Using the data below, transcribe exactly everything from the line that contains "Coaching ADHD •" down to the line that contains "Coronavirus testovací laboratoř, koncept". Include both of those lines and none of the pictures.

MATERIAL SUPPLIED:
——————

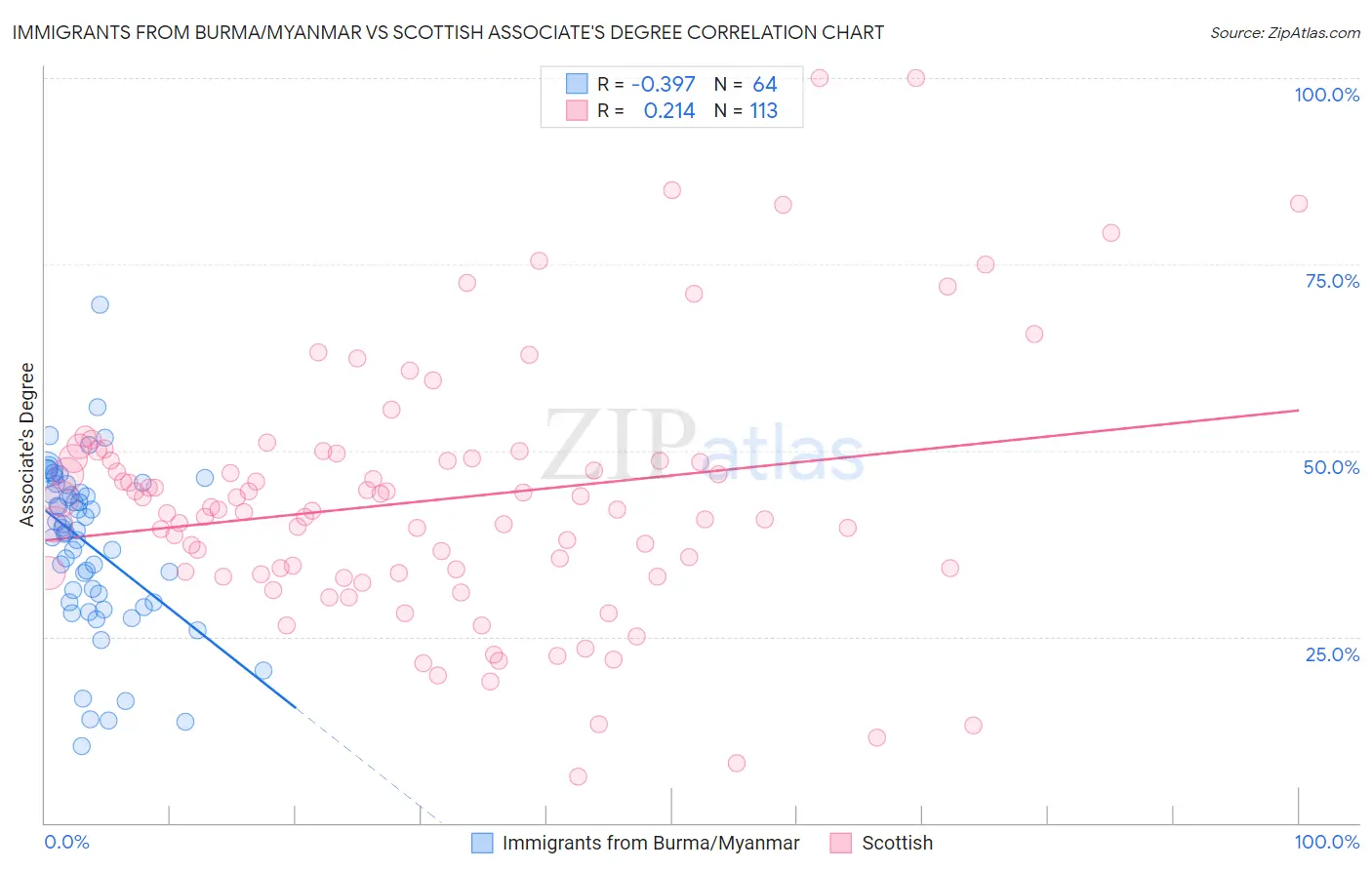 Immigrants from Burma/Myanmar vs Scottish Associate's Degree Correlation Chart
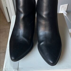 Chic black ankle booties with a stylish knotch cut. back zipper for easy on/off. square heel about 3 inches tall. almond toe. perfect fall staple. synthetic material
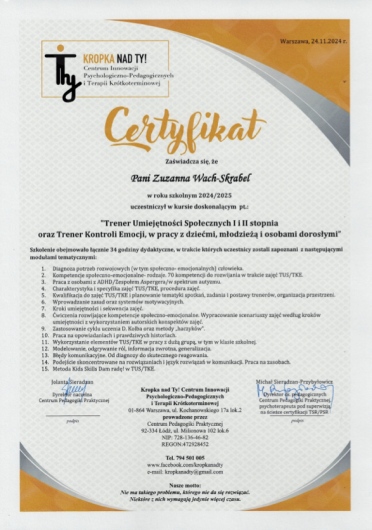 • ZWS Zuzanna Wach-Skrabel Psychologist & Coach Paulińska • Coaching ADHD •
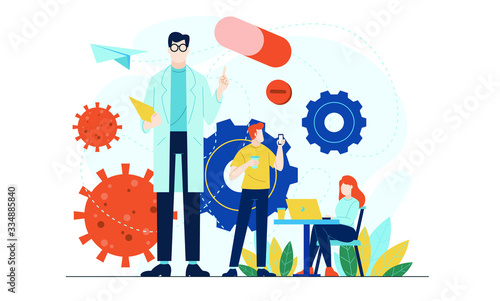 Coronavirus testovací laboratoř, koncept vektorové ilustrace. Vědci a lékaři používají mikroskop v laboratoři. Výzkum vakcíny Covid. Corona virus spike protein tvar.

——————

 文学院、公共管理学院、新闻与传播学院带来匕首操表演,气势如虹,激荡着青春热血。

——————

OUTPUT:
 • ZWS Zuzanna Wach-Skrabel Psychologist & Coach Paulińska • Coaching ADHD •
 Coronavirus testovací laboratoř, koncept vektorové ilustrace. Vědci a lékaři používají mikroskop v laboratoři. Výzkum vakcíny Covid. Corona virus spike protein tvar.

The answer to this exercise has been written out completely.